Director: Christopher Nolan
Cast: John David Washington, Robert Pattinson, Elizabeth Debicki, Dimple Kapadia, Michael Caine, Kenneth Branagh, Clémence Poésy, Andrew Howard, Himesh Patel, Martin Donovan, Anthony Molinari
Running Time: 150 min.

By Paul Bramhall

Director and writer Christopher Nolan may be well known for his high concept blockbusters, but for me he’s also responsible for some of the most exciting action sequences Hollywood has produced in the last 15 years. From the adrenaline pumping vehicular chase in The Dark Knight, to the zero-gravity fight scene in Inception, Nolan’s insistence on filming these sequences for real rather than with a green screen means not only will they never get old, they’ll also likely never be replicated. For all the attention Nolan gets for his concepts and style of directing, it’s rarely mentioned how much he clearly understands the art of action, and his insistence on doing it right is to be admired.
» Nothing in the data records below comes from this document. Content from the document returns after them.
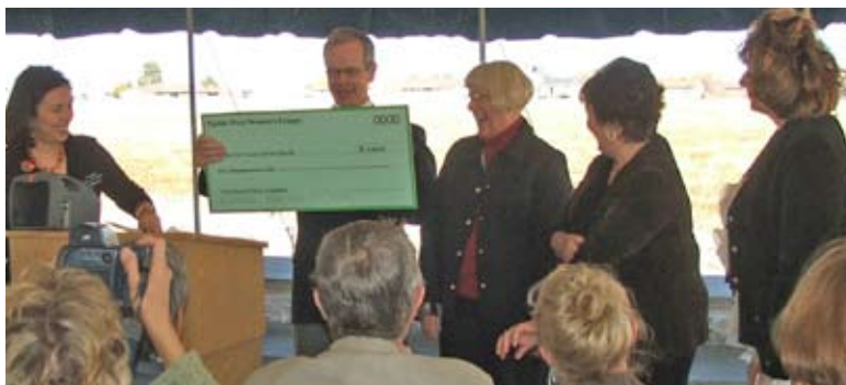
The Pueblo West Women's League presents the library with a $5,000 check.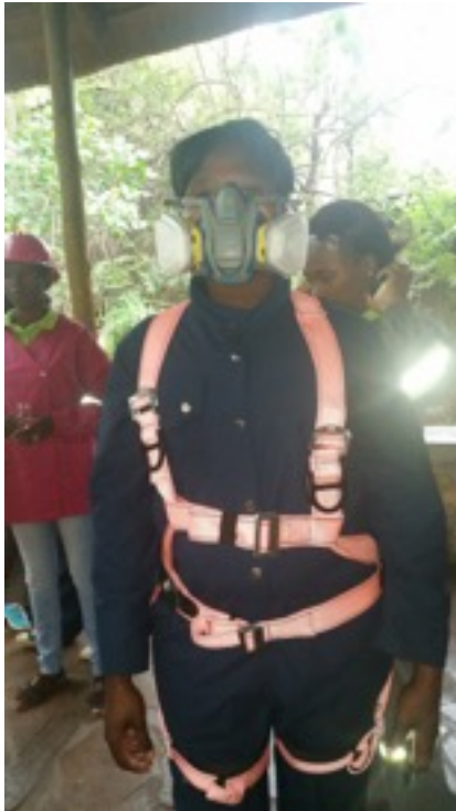
One of the Women in the Mining Sector delegates gets to grips with the personal protective equipment on offer.

Women in the Mining Sector often feel excluded from the industry and that they are not treated equally by their male colleagues - this is according to a study conducted by the Women in Mining South Africa (WiMSA) organisation, in conjunction with the School of Mining Engineering at the University of the Witwatersrand.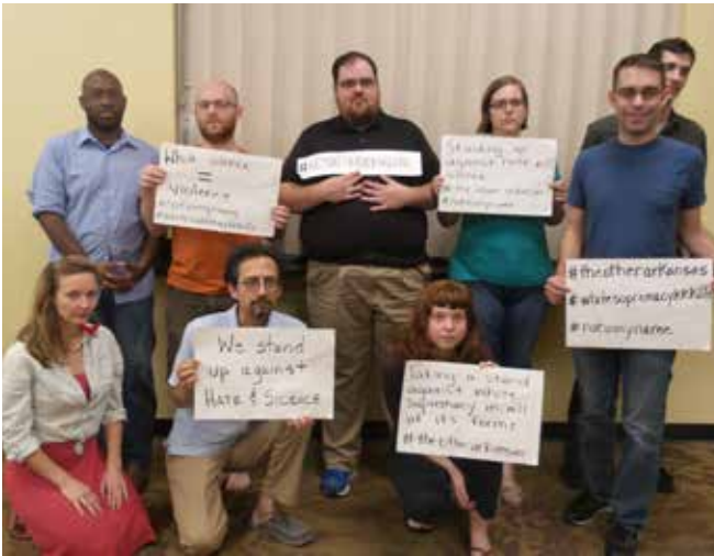
Little Rock, AR Collective Liberation Study Group.

reaction was fear. Fear that these teenage boys would re-enact countless scenes of racialized crime and violence that I've consumed since I was a little kid. It's not the kind of experience someone who has been doing anti-racist work for twenty-five years likes to admit having, but this isn't a time for false pretenses to protect our egos. This is a time for white people to recognize that our irrational fears of Blackness are the result of the logic of

After helming the 2017 historic war epic Dunkirk, in 2020 Nolan returns to familiar territory with Tenet. The last time the director did sci-fi was in 2014’s Interstellar, however Tenet most closely shares its DNA with Inception, in that it mixes high concept sci-fi with action. Only this time instead of dealing with dreams, the focus is on the theory of time inversion. What is time inversion? It turns out certain pieces of radioactive material found in the former USSR have the ability to move backwards in time, be it for a few seconds or whole years. Enough artefacts made from said material have been found in the present to indicate that, at some point in the future, a war (worse than a nuclear holocaust apparently) will wipe out humanity. It’s up to a secret organisation known only as Tenet to figure out who in the present is controlling things from the future, and save the world.
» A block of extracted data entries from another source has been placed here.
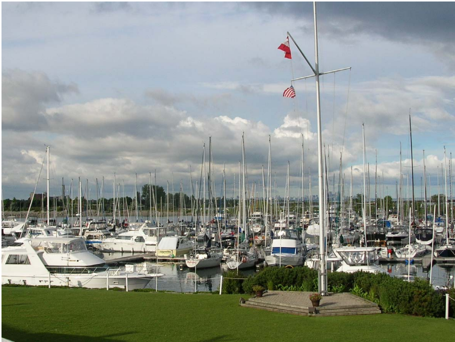
Bruce & Lila take us to dinner at their Port Credit Yacht Club—lots of boats!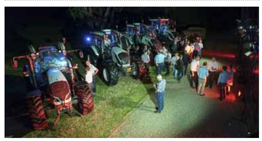
The launch of Valtra's latest models was instructive and inspiring. After the evening programme the guests rushed to inspect the new tractors up close.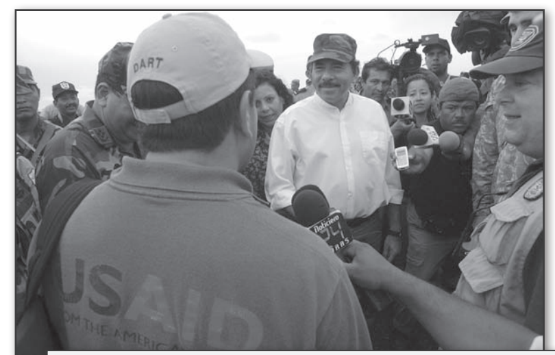
Nicaraguan President Daniel Ortega welcomes USAID OFDA representatives and US Service Members following hurricane relief efforts.

USS KEARSARGE (LHD 3), completed the Atlantic Phase in November, and its joint, international, and nongovernmental medical professionals worked alongside host nation officials to treat more than 145,000 patients in six countries. The crew also dispensed more than 81,000 prescriptions, provided veterinary care to nearly 5,600 animals, and completed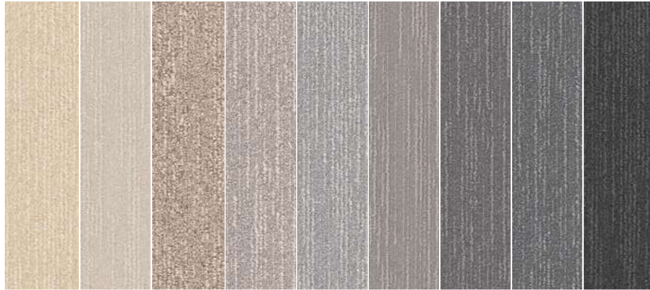
NORSE RAE 900PL NORSE SOREN 800PL NORSE LUND 700PL NORSE LARZ 600PL NORSE STEN 500PL NORSE ESKEL 400PL NORSE OSKAR 300PL NORSE JAX 200PL NORSE DYLAN 100PL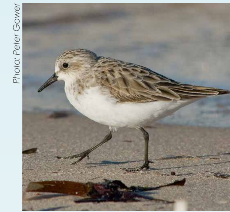
Red-necked Stint M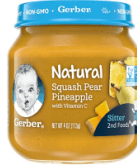
Squash Pear Pineapple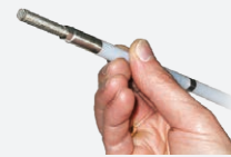
Model 408M DVP 3/8" (9.5 mm)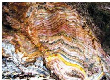
Rock strata Quarry Beach

Continue along Betka Rd past the airfield. (The road is gravel and often has potholes, take care). The road is now the Old Coast Rd. Just before a steel and concrete bridge, there is a signed turnoff to Quarry Beach. Pleasant seascapes are evident from the parking area, but the real feature is to be found about 70m to the left along the beach where an excellent example of folded and faulted colourful rock strata may be seen. (refer geology page 4-5)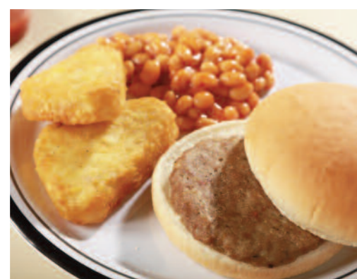
Sausage Pattie in a Bun, Hash Browns and Baked Beans

Much like Peninsula was flagged as the production to bring audiences back to the cinema in Asia (thanks to the 2020 COVID-19 pandemic, in case time has inverted and you’re reading this in the future), so Tenet was marketed as the western equivalent, and for this reviewer at least, it worked. Nolan’s latest certainly succeeds in being the ultimate distraction, coming with a script so filled with pseudo-scientific exposition it’d make The Matrix Reloaded blush. On the receiving end of much of this exposition is our main protagonist, who in the meta-move of 2020, is known only as The Protagonist. Played by John David Washington of BlacKkKlansman fame, as a heroic secret agent who (almost) meets a grizzly end when a mission goes wrong, he’s given a 2nd chance when recruited to a (even more) secret organisation who’s job it is to save the world.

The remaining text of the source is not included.